Hi. I’ve recently discovered that this was a thing and was considered as art and I’m intrigued, so much so that I started searching for information. Your article was a life-saver as I now know what I need to buy to get started.
Thank you very much. I’ve put your link on my screen so I know where to find you when i need information.
A thousand thank you’s
Great post! Thanks so much for sharing.
Hi there you have,nt told us anything about using silicon oil in the paint mix that causes big or small cells in the painting if thats what you want. im new to this and still dont know how to get best results with silicon oil. can you mix silicon oil mixed with water to spay onto a picture.
thanks Hugh
I’d be keen to understand how cells are created, what medium is used, to either flick or pallet paint over the colours to get this. And how heat exacerbates this?
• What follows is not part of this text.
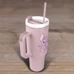 Cestovní hrnek Lilo a Stitch s růžovým brčkem
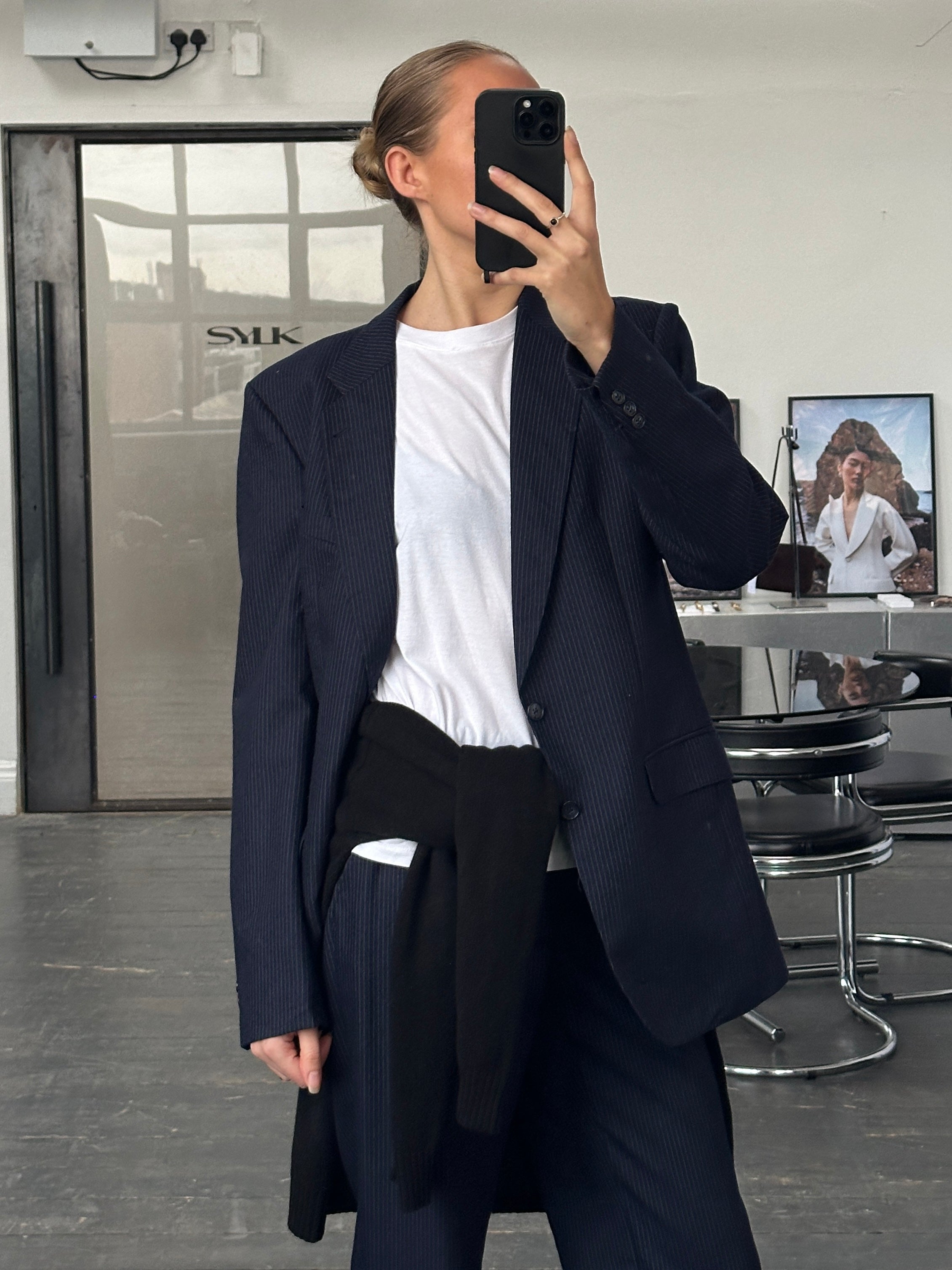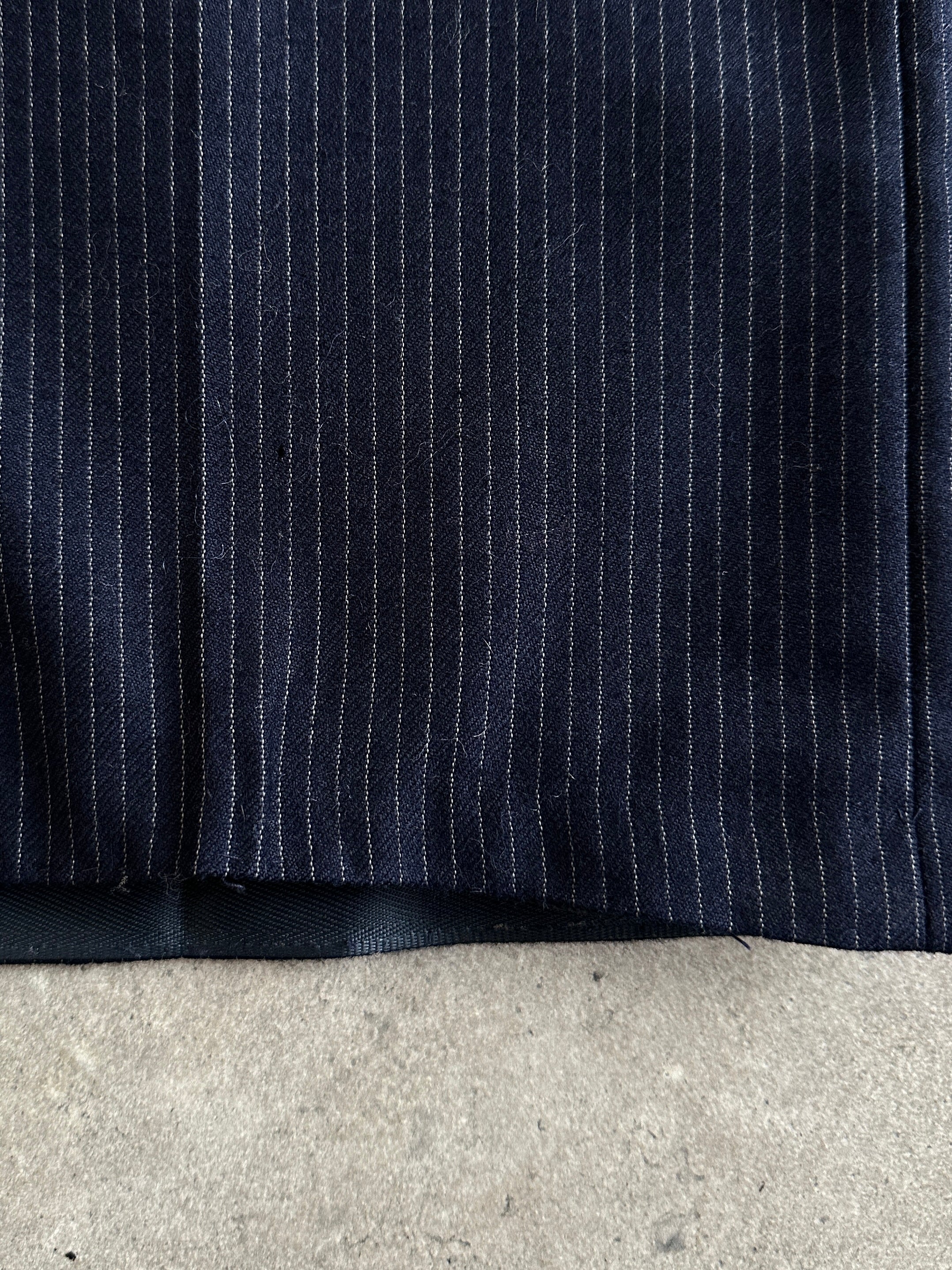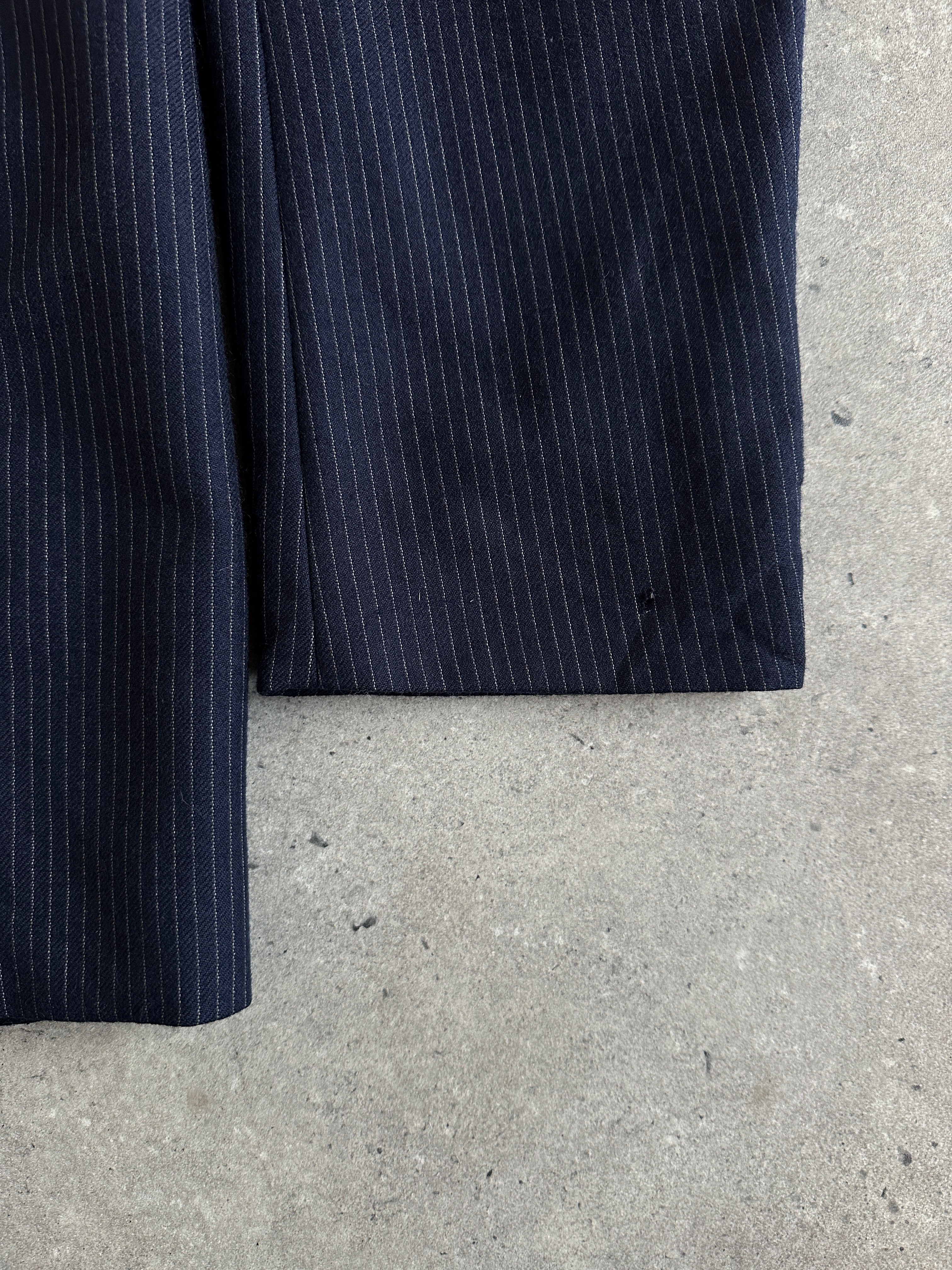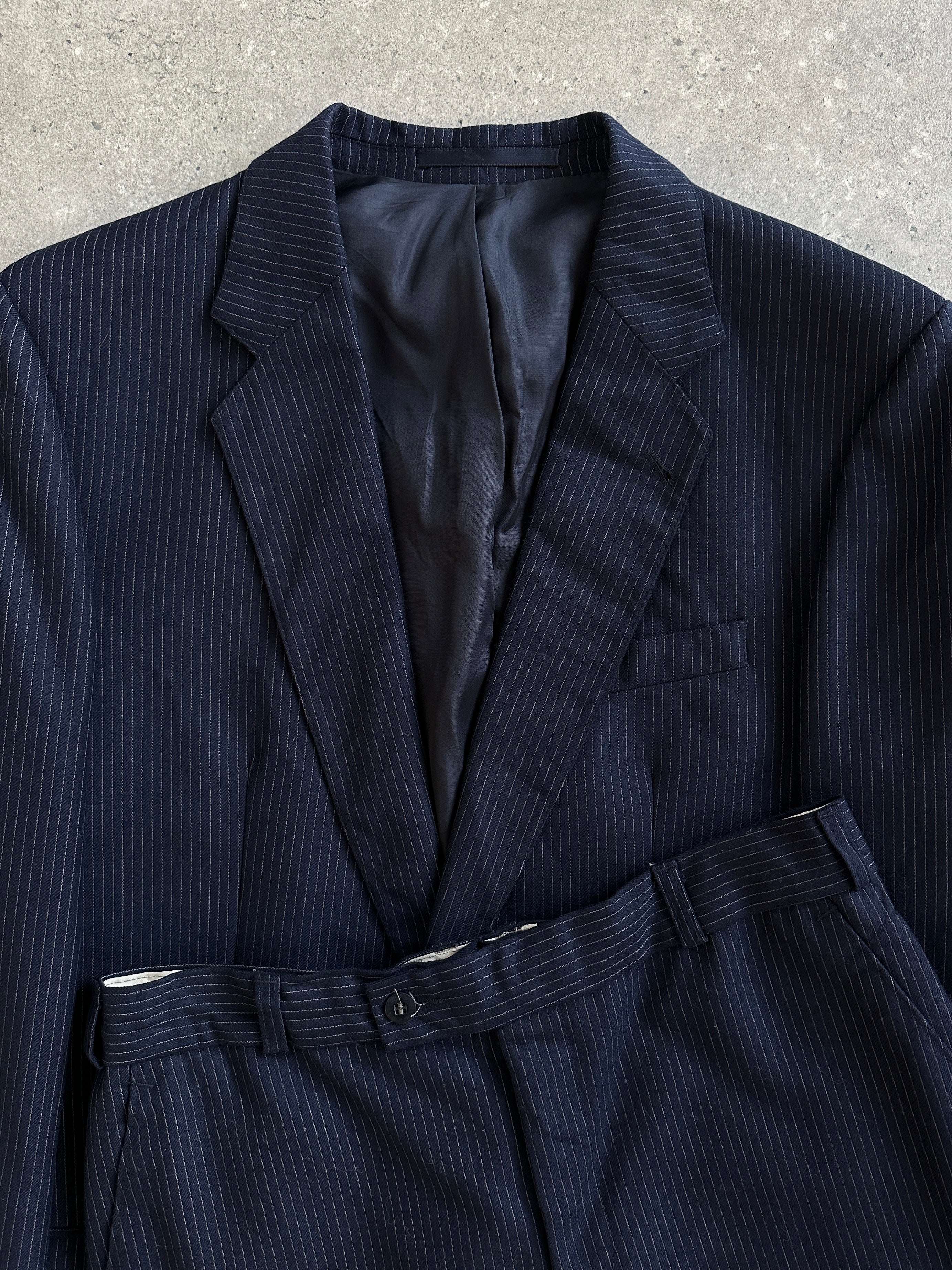 A vintage navy pinstripe two piece suit from the 1990s in a structured pure wool fabric with a clean tailored silhouette. The deep navy tone makes it an easy styling piece for both smart and casual wear.

Thank you for your comment. Silicone Oil can be added to the prepared colours before pouring. This is one method to create cells. When you pass a blow torch over the paint on your surface it causes the oil and the surrounding paint to flow better. The oil rises to the surface bringing colours with it and making the paint move even more which it what creates the cells.
What a really informative and useful article. I just wish this had been written a few months back, when I first started this!
I have used liquitex from the start, it’s been quite expensive, as you imagine.
I have quite a lot of thick paints, do you advise thinning them with fluid medium? and do you have advice on how this is done. I followed the link, but wasn’t sure what I needed.
Thanks again 😁
Hi Abbie, thanks for your comment! The main thing you have to worry about when thinning thick acrylic paints for pouring is the film strength of the acrylics. If you are working with thick paints it is advisable to thin the paints with a fluid acrylic medium and a slight amount of water (if absolutely needed). If you are using water in your mix it is important to use it in as small amounts as possible – using too much can cause your colours to wash out and can cause your paints to crack and peel over time. We’d advise using something like Golden GAC 100 or Liquitex’s fluid Gloss Medium. These mediums both increase the flow of your paints, while maintaining the stability of the paint film. If you are using a mixture of paint, fluid medium, water and pouring medium you may notice slight changes in the finish of your pours as opposed to using soft body/acrylic ink and pouring medium alone. Golden have some great info on their blog about thinning down thicker paints for pouring.